Other contractual commitments for the years ending March 31, 2013 through 2017 and thereafter are approximately $4.0 million, $2.7 million, $2.6 million, $1.4 million, $1.0 million, and $0.6 million, respectively, relating to service and data license agreements. The Company also has contractual commitments of $3.5 million, $3.5 million, $3.5 million, $3.5 million, and $1.2 million, for the years ending March 31, 2013 through 2017, respectively, to be paid to a related party for acquired programming, as discussed in Note 11.
The Company had 100,000 mandatorily redeemable Preferred Units and 100,000 B-1 Common Units outstanding at March 31, 2012.

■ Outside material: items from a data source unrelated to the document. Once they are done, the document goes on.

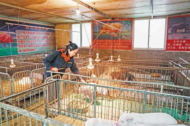 2020年4月2日,重慶市榮昌興旺種豬場的工作人員在仔豬待售舍查看仔豬的情況。(資料照片)新華社發(fā)
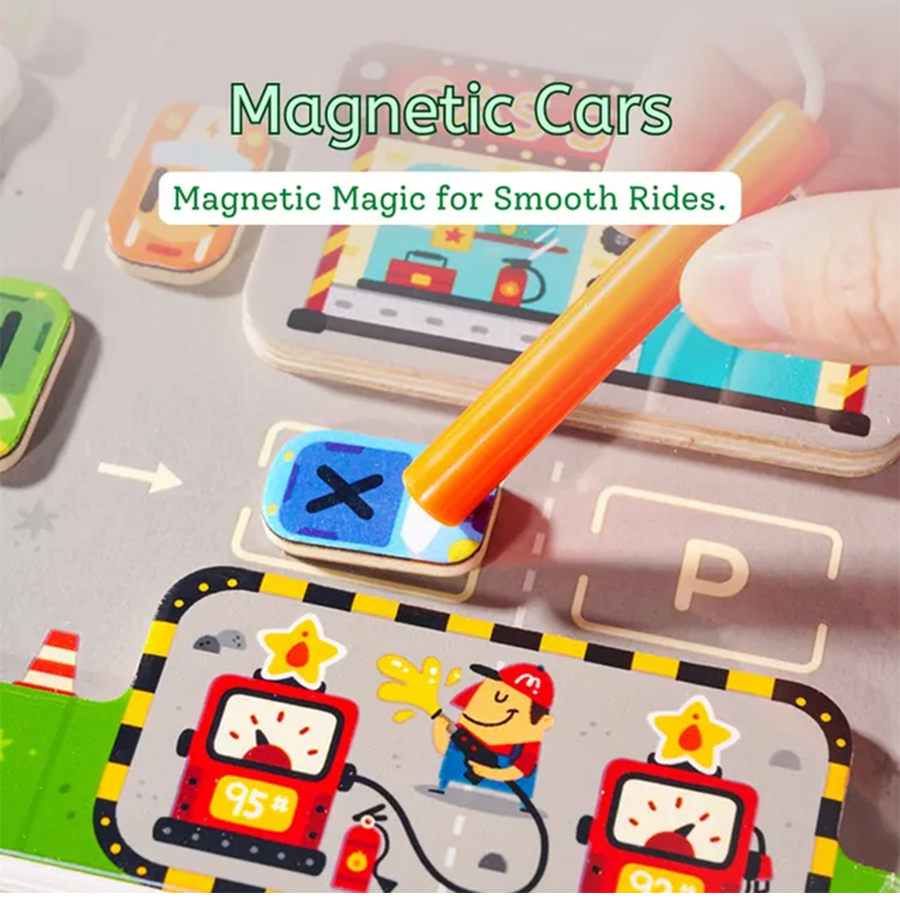 - المتاهة المغناطيسية مصنوعة من خشب الزيزفون عالي الجودة ذو الحواف الناعمة، وتضمن تجربة لعب آمنة ومتينة. تتميز السيارات المغناطيسية بسهولة المناورة بفضل قوة الجر، مما يُعزز التنسيق بين اليد والعين والمهارات الحركية الدقيقة. فتحة مخصصة للقلم المغناطيسي تضمن عدم ضياعه، مما يجعل تخزينه سهلاً. مثالية للأطفال الصغار، تجمع هذه اللعبة بين التعليم واللعب الغامر.
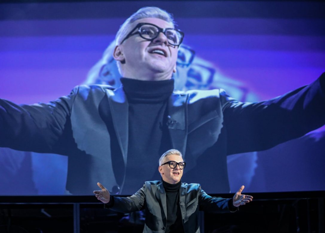 Alföldi Róbert Howard Beale szerepében ebből a szempontból már kezdettől fogva gyanús. Ezt elsőre színészi hibának véltem. A tévés nyüzsgés, a precíz háttérmunka, az adáskezdet előtti fontoskodás, a visszaszámlálás rekonstrukciója elképesztően profi a Centrál színpadán, és azonnal magába szippantja a nézőt. Paradox módon éppen a színházi helyszínről ragadja el a tévé univerzumába, képernyőjére, amely évtizedeken át a világ legfontosabb helyének tűnt. A hírgyártó gépezet mindent a legtökéletesebben előemésztett formában tesz a veterán híradós alá, a szavai azonban már kezdettől súlyosabbak, vészjóslóbbak, megengedhetetlenül emberszabásúak. Ajjaj, gondoltam magamban: Alföldi már ebben a sótlan bejelentkezésben is színész akar lenni: jelentőségteljes ott, ahol a jelentéktelenség látszatát kellene keltenie.
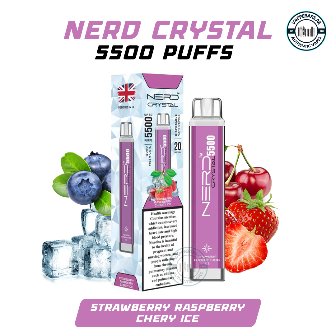 Nerd Crystal 5500 Puffs Strawberry Raspberry Cherry ICE Disposable Vape In UAE
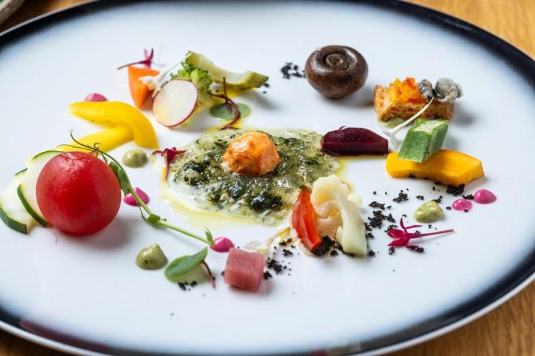 中でも目を引いたのが、まるでアートのようなシグネチャープレート「IZUMO」。コースの中で唯一変わらない、特別な一皿です。夕日が沈む出雲の海を表現しており、中央のオレンジ色のパプリカムースは夕日をイメージ。まわりには海に見立てた昆布ジュレや、砂浜を思わせる黒オリーブのパウダーが美しく盛られています。
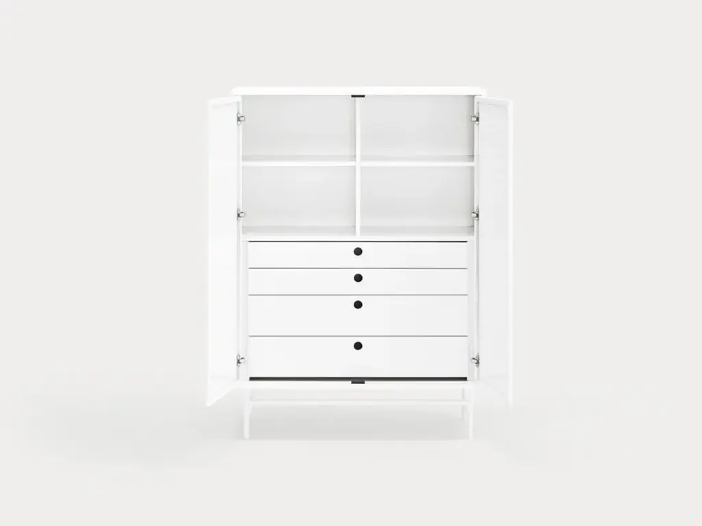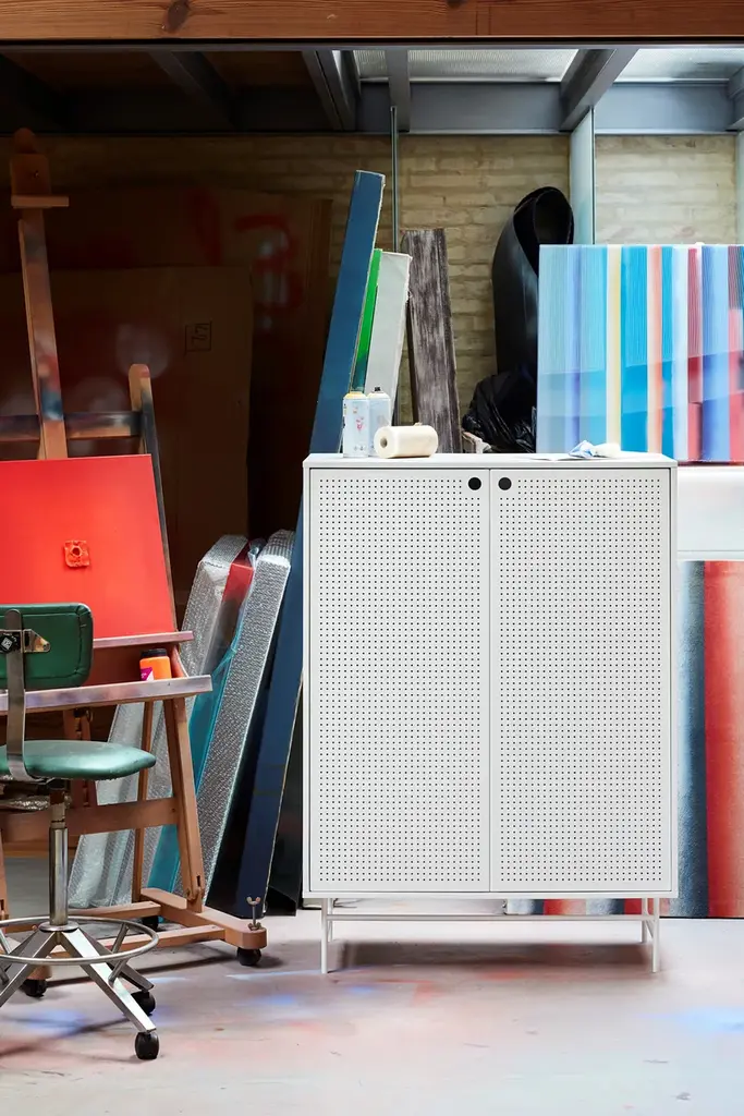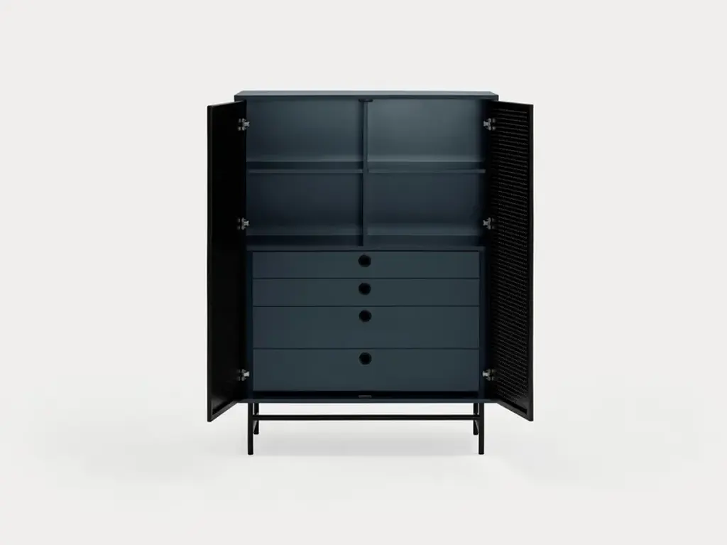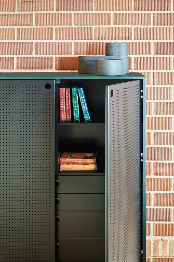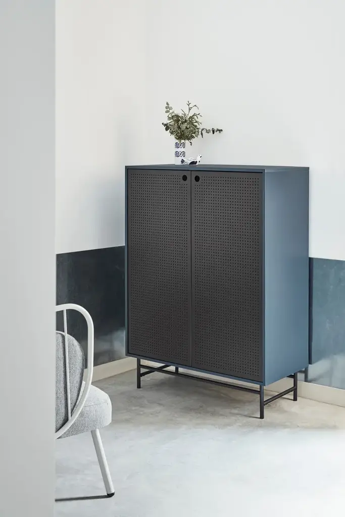 Punto is a matt laquered MDF highboard. Available in various colours.Punto collection claims its industrial spirit by combining design and functionality. The perforated metallic doors add to its singular character and personality. Each one of them has an integrated circular handle, distinctive particularity of the collection. The structure of every piece of furniture comes in matt lacquered MDF in various colours.
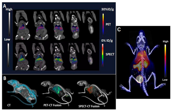 The unique in vivo information provided by molecular imaging has the capacity to improve the overall efficacy of cancer treatment. There is growing demand by physicians, patients, and the community as a whole for personalized healthcare, and molecular imaging is well-positioned to play a major role in the era of precision medicine. Molecular imaging will become more and more multi-modal in nature, as different anatomical and molecular imaging techniques merge to complement each other. Already 18F-Fluorodeoxyglucose positron emission tomography ([18F]-FDG-PET) is integrated with cross-sectional imaging, in the form of positron emission tomography/computed tomography (PET/CT), which is commonly used in the management of cancer patients. It is inevitable that other molecular imaging technologies, such as molecular resonance imaging/molecular resonance spectroscopy (MRI/MRS), PET, SPECT, and photoacoustic imaging, will be combined to better assess multiple biological factors contributing to disease progression and the working of therapies. With the advancement of targeted multi-modality molecular imaging, it is likely that molecular imaging will provide a personalized molecular fingerprint of individual tumors, as the basis for “tailor made” novel individualized treatment strategies. Furthermore, molecular imaging will rationally facilitate not only the development of new drugs, but also revisit how current drug therapies can be better directed to the individual patient needs in terms of determining the responders and the cost-benefit for each individual patient. Image-guided anti-cancer drug delivery has been under intense recent investigations aimed at better delivery, controlled release, and enhanced retention in the tumor [1,2,3,4,5,6,7]. Radiolabeled pegylated liposomes, encapsulating chemotherapeutic agents, such as doxorubicin, have been investigated in preclinical and clinical settings to monitor the delivery and tissue distribution following systemic administration of drug-encapsulated radiolabeled liposomes [8,9,10,11].
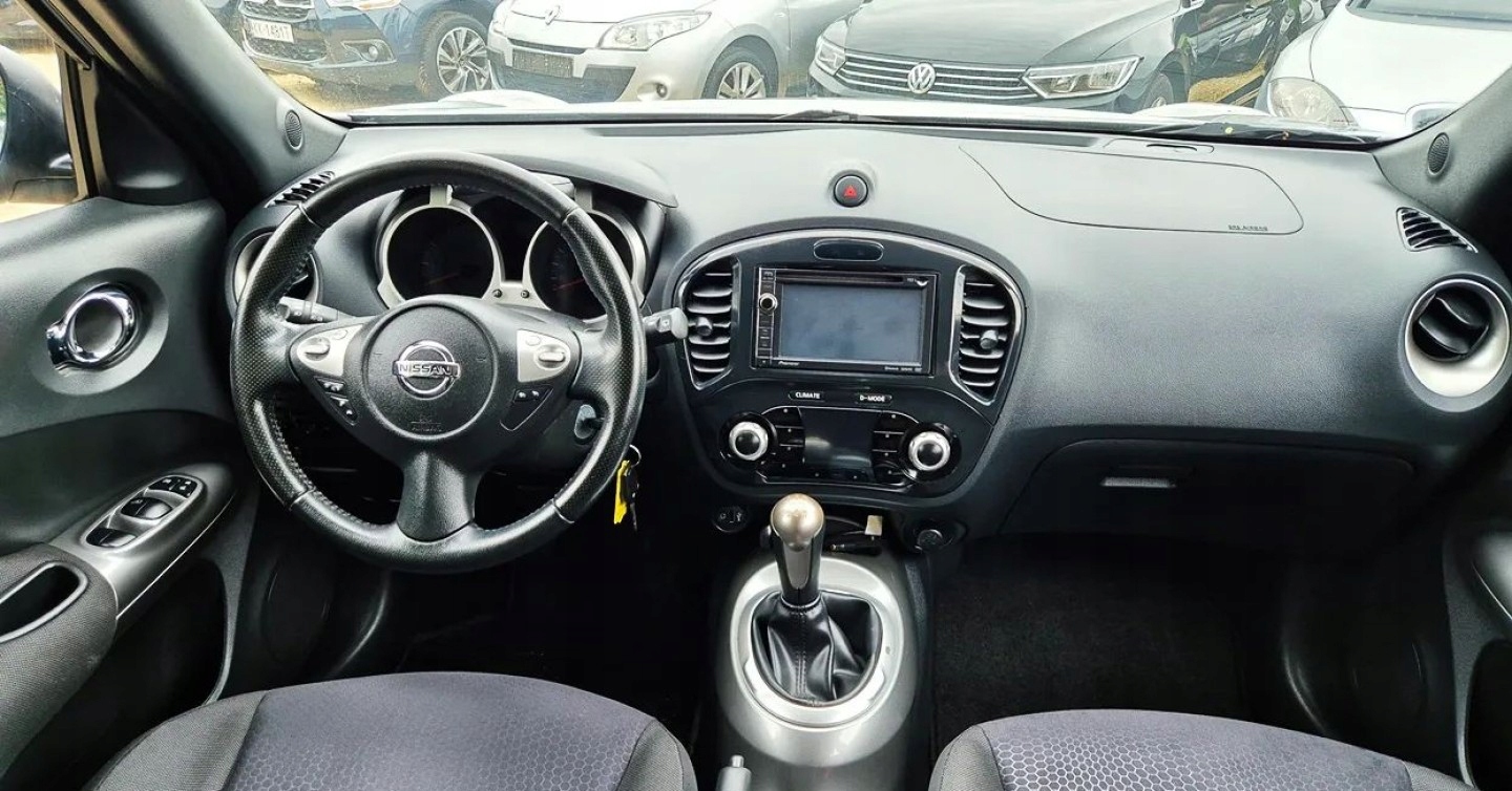 Nissan Juke с надежным, экономичным и неразрушимым бензиновым двигателем 1.6 с ручной коробкой передач с кондиционером.
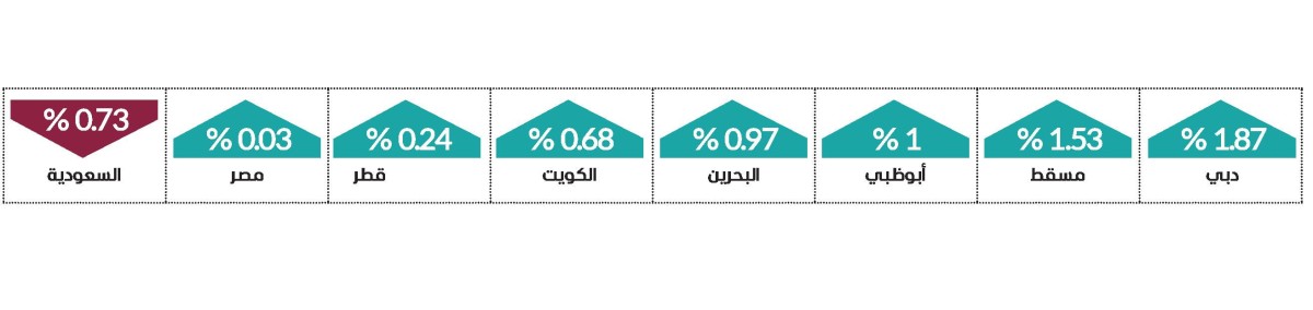 وكانت مؤشرات الأسهم المحلية قد أغلقت، أمس، على اللون الأخضر، حيث أغلق مؤشر سوق دبي مرتفعاً 0.83 %، في حين أغلق سوق أبوظبي على نمو قدره 0.09 %.
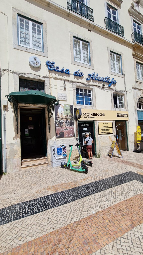 Op dit plein stappen we op de metro terug naar het plein Restauradores. En dan gaat het mis, we zien de metro aankomen, de dames in her gezelschap die voorop lopen roepen ‘rennen’ en zetten er de pas in. Mijn man ziet in het donker op de trap een trede niet en valt lelijk. Sorry, lieverd 😥. Haastige spoed, zelden goed: enkel verzwikt en zere schouder. Na de eerste schrik en constatering dat lopen ‘nog wel gaat’ (met pijn) besluiten we de metro alsnog naar Restauradores te nemen en daar een farmácia (apotheek) te zoeken voordat we naar de Benficawinkel in de Rua das Portas do Santo Antão (nummer 55) gaan. Met een drukverband om wandelt onze bikkel meteen weer een stuk beter.
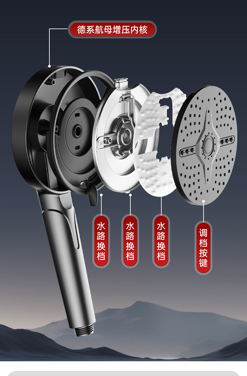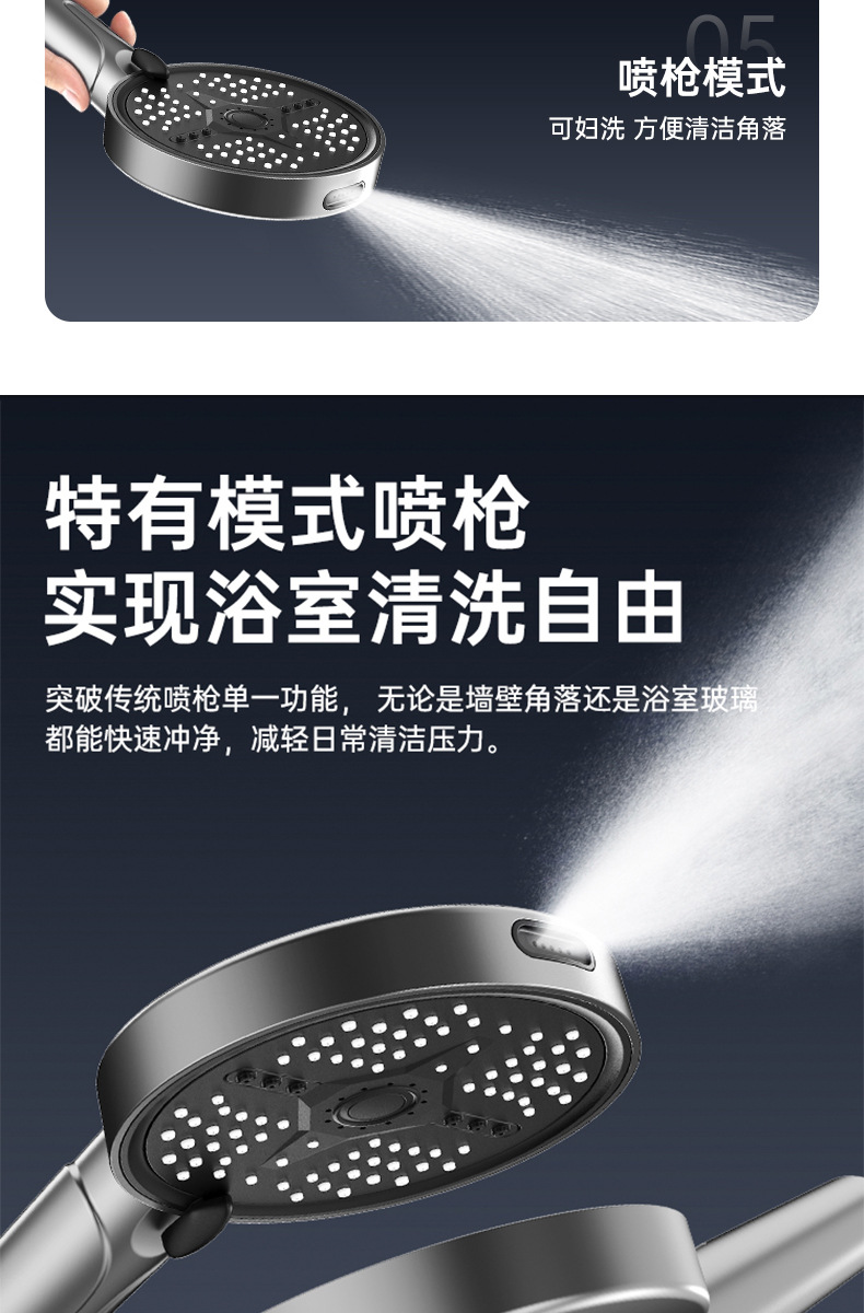 • 섀도우 그레이 스타 라지 페이스 슈퍼차지 5단 샤워기
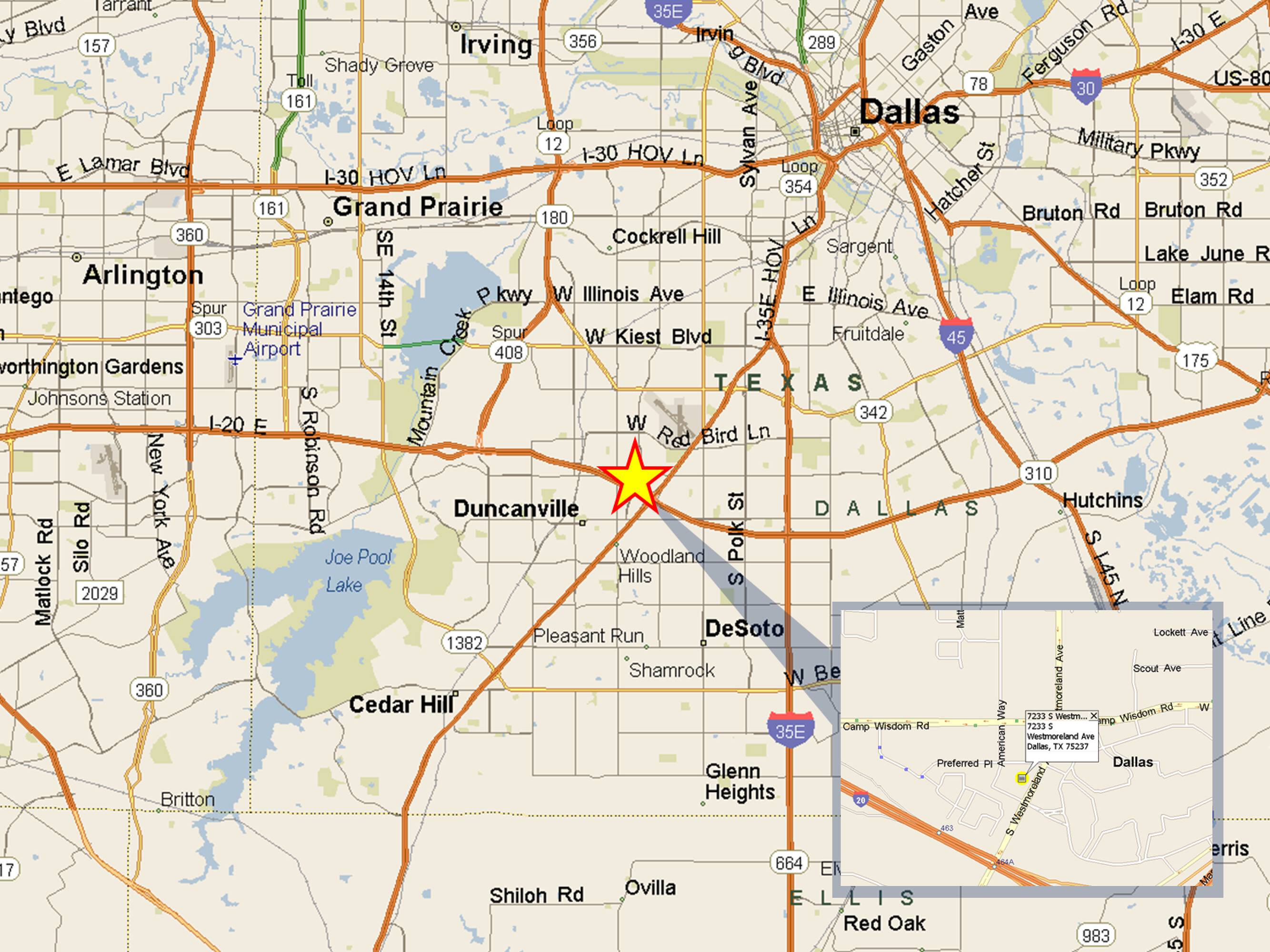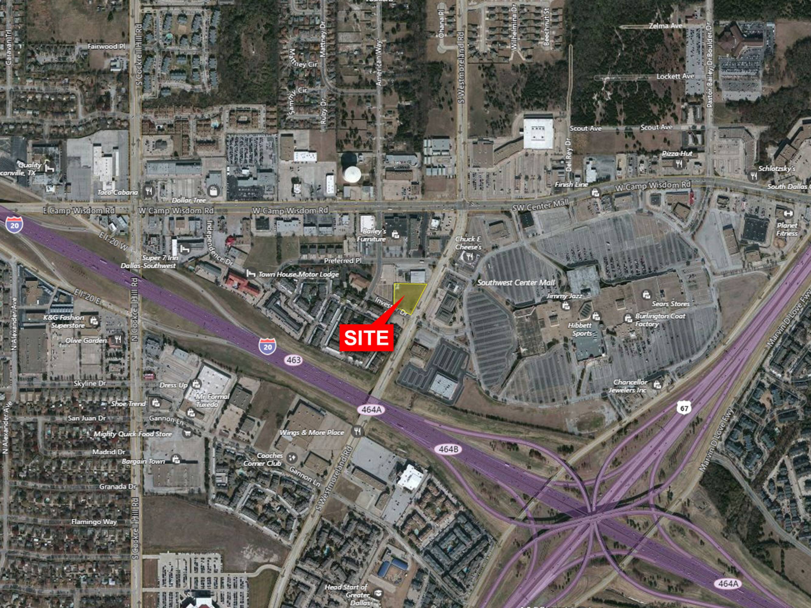 The property is located at 7233 S Westmoreland Rd, at the northwest corner of S Westmoreland Rd and Investor Dr, in Dallas, Texas 75237. It is situated one block from Interstate 20 and directly across the street from Southwest Center Mall.

The Preferred Units are mandatorily redeemable and carry a dividend rate of 10% compounded annually. These units are redeemable in May 2019 at the stated value plus the dividend return and any additional capital contributions less previous distributions. The Preferred Units were
initially recorded based on their estimated fair value, as determined using an option pricing model methodology, as a liability in the accompanying consolidated balance sheets.
The Preferred Units and the 10% dividend are being accreted, through charges to interest expense, up to their redemption amounts, over the 10-year period to the redemption date. During the years ended March 31, 2012 and 2011, the Company paid $0 and $20 million of accrued dividends to the Preferred Unit holders.
The Preferred Units and Series B-1 Common Units are nonvoting units; however, only the Preferred Unit holders can elect the board of managers. Assuming no additional distributions, dividends, or additional capital contributions, the redemption amount would be $618.6 million at May 2019. The redemption value as of March 31, 2012, based on the stated value and the dividend earned through that date, would be $312.5 million. The fair value as of March 31, 2012 was $284.4 million.
The board of managers has authorized the issuance of up to 8,889 Series B-2 Common Units (“B-2 Common Units”) that vest over five years and 2,223 B-2 Common Units that may be granted through a junior unit that only vests if there is an exit event, as defined, with a return to Members upon exit of between 350% and 500% or more of the Members' investment. During the year ended March 31, 2010, the Company granted 3,556 B-2 Common Units to an employee. These units granted were valued at fair value at grant date and are being expensed as earned over the five-year vesting period. Total compensation expense recorded for these units amounted to $0.5 million and $0.5 million during the years ended March 31, 2012 and 2011, respectively. The fair values of the units were determined based on the value of the Company's May 28, 2009 sale of Lions Gate's 49% interest to OEP. The fair value per unit was $706 at the time of grant. Unrecognized compensation expense as of March 31, 2012 is $1.1 million.
10. Interest Expense
Interest expense, net (in thousands) consists of the following:
Amounts due to related parties total approximately $13.6 million and $12.7 million at March 31, 2012 and 2011, respectively, including $11.9 million and $11.9 million due to Lions Gate for accrued programming costs at March 31, 2012 and 2011, respectively. The Company is subject to various advertising and other media agreements with Lions Gate. For the years ended March 31, 2012 and 2011, under the agreements, the Company recognized approximately $1.9 million and $2.1 million in advertising revenue, respectively. The Company also recognized $0.5 million in other revenue for the year ended March 31, 2012, related to a television distribution agreement with Lions Gate.
The Company entered into various acquired programming agreements with Lions Gate. Under the agreements, the Company recognized approximately $7.8 million and $1.6 million in programming expenses for the years ended March 31, 2012 and 2011, respectively.
In addition, the Company is charged a shared service fee by Lions Gate for human resource, payroll management, corporate finance, information technology support, and general management services. The shared service fee for the years ended March 31, 2012 and 2011 was $1.0 million and $1.3 million, respectively. The Company is also charged a fee for allocated insurance premiums. The insurance charge was $0.4 million for each of the years ended March 31, 2012 and 2011.
12. Litigation and Other Contingencies
The Company is, from time to time, involved in various claims, legal proceedings, and complaints arising in the ordinary course of business. The Company does not believe that adverse decisions in any such pending or threatened proceedings, or any amount which the Company might be required to pay by reason thereof, would have a material adverse effect on the financial condition or future operating results of the Company.
The Company has a defined contribution plan under Internal Revenue Code Section 401(k) covering all eligible employees. The plan includes a discretionary match provision, matching employees' voluntary contributions up to $1,000 per employee. The Company incurred charges of $0.1 million and $0.2 million for employer matching contributions to the plan for the years ended March 31, 2012 and 2011, respectively.
14. Supplemental Cash Flow Information
The Company paid $1.0 million and $0.9 million in interest for the years ended March 31, 2012 and 2011, respectively.